§ What is being asked: Repeat the listing word for word. No pictures belong in the copy.

§ Given data:

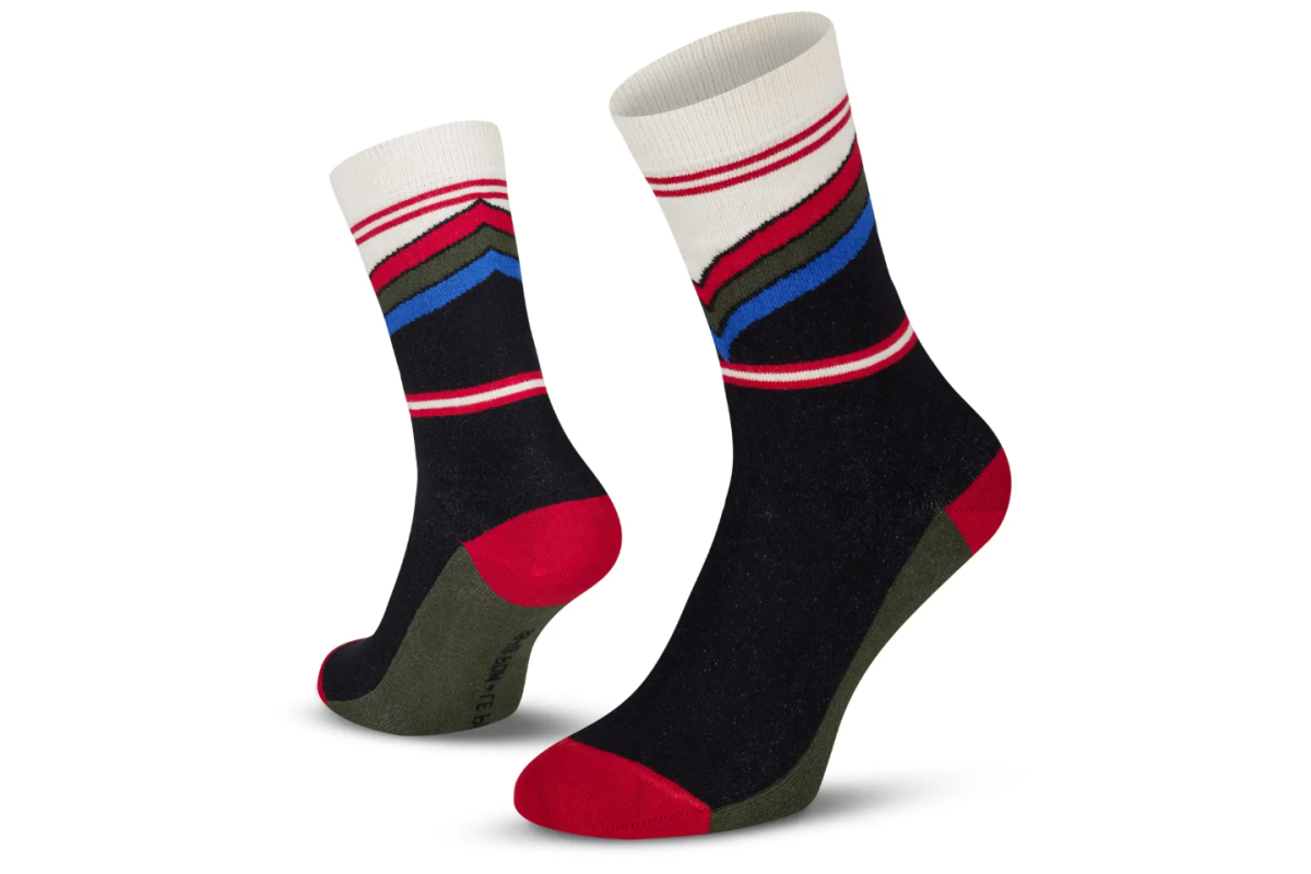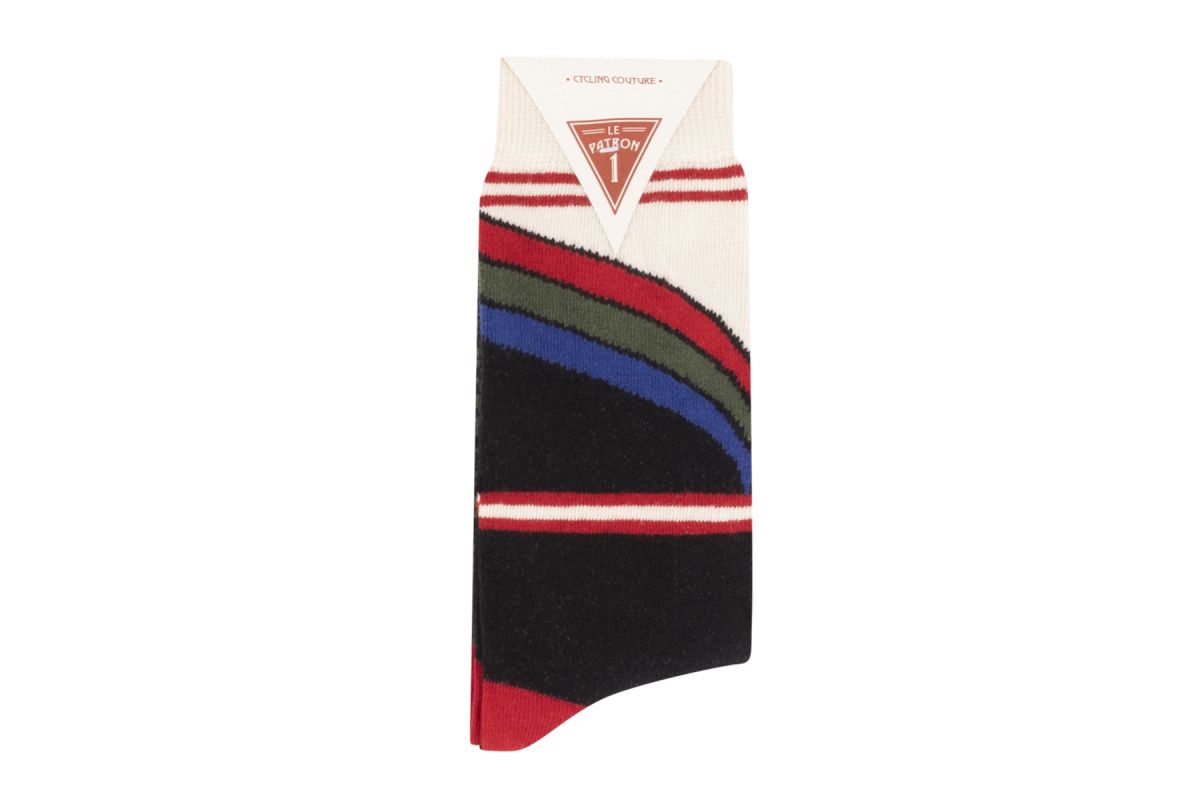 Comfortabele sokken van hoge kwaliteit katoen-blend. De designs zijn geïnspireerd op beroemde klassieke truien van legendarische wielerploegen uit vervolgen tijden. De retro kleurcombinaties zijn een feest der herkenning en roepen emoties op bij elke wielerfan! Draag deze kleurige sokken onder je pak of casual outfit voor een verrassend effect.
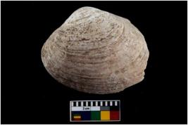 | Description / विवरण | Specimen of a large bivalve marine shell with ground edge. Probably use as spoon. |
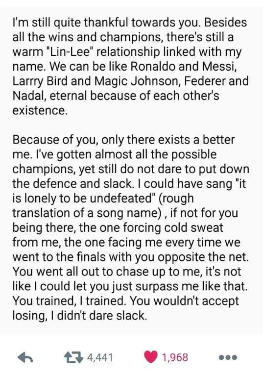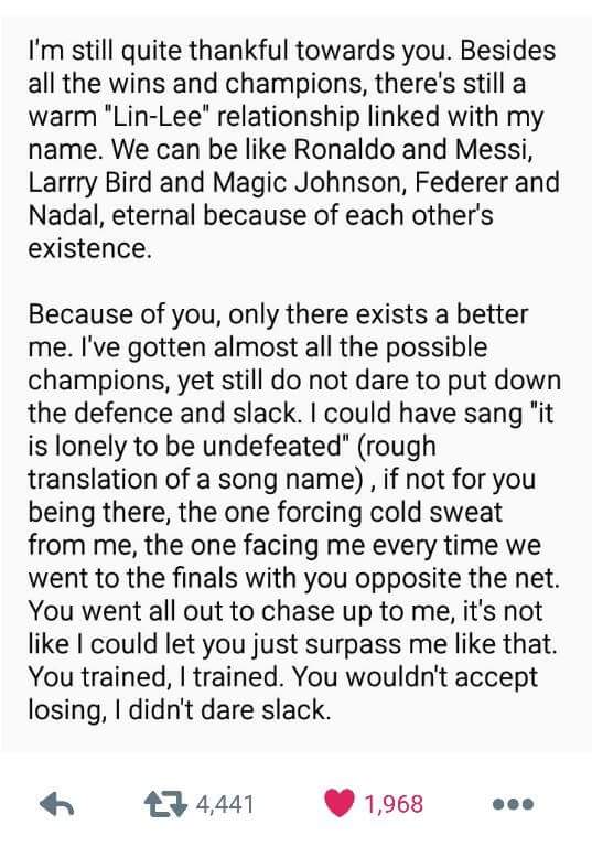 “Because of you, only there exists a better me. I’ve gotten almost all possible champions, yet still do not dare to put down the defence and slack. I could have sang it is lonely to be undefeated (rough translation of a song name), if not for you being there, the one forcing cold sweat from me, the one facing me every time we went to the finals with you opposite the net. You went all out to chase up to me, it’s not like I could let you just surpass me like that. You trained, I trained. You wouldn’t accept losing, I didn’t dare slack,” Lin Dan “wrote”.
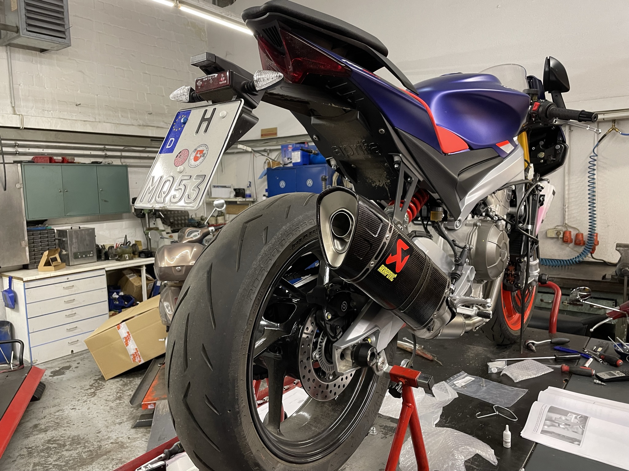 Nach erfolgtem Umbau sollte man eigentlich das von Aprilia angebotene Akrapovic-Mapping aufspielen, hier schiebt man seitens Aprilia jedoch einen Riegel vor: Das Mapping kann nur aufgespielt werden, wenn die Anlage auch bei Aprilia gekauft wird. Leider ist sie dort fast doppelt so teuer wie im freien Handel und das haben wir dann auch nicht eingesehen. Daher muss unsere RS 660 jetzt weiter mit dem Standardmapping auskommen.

§ Result below:
 Comfortabele sokken van hoge kwaliteit katoen-blend. De designs zijn geïnspireerd op beroemde klassieke truien van legendarische wielerploegen uit vervolgen tijden. De retro kleurcombinaties zijn een feest der herkenning en roepen emoties op bij elke wielerfan! Draag deze kleurige sokken onder je pak of casual outfit voor een verrassend effect.
 | Description / विवरण | Specimen of a large bivalve marine shell with ground edge. Probably use as spoon. |
 “Because of you, only there exists a better me. I’ve gotten almost all possible champions, yet still do not dare to put down the defence and slack. I could have sang it is lonely to be undefeated (rough translation of a song name), if not for you being there, the one forcing cold sweat from me, the one facing me every time we went to the finals with you opposite the net. You went all out to chase up to me, it’s not like I could let you just surpass me like that. You trained, I trained. You wouldn’t accept losing, I didn’t dare slack,” Lin Dan “wrote”.
 Nach erfolgtem Umbau sollte man eigentlich das von Aprilia angebotene Akrapovic-Mapping aufspielen, hier schiebt man seitens Aprilia jedoch einen Riegel vor: Das Mapping kann nur aufgespielt werden, wenn die Anlage auch bei Aprilia gekauft wird. Leider ist sie dort fast doppelt so teuer wie im freien Handel und das haben wir dann auch nicht eingesehen. Daher muss unsere RS 660 jetzt weiter mit dem Standardmapping auskommen.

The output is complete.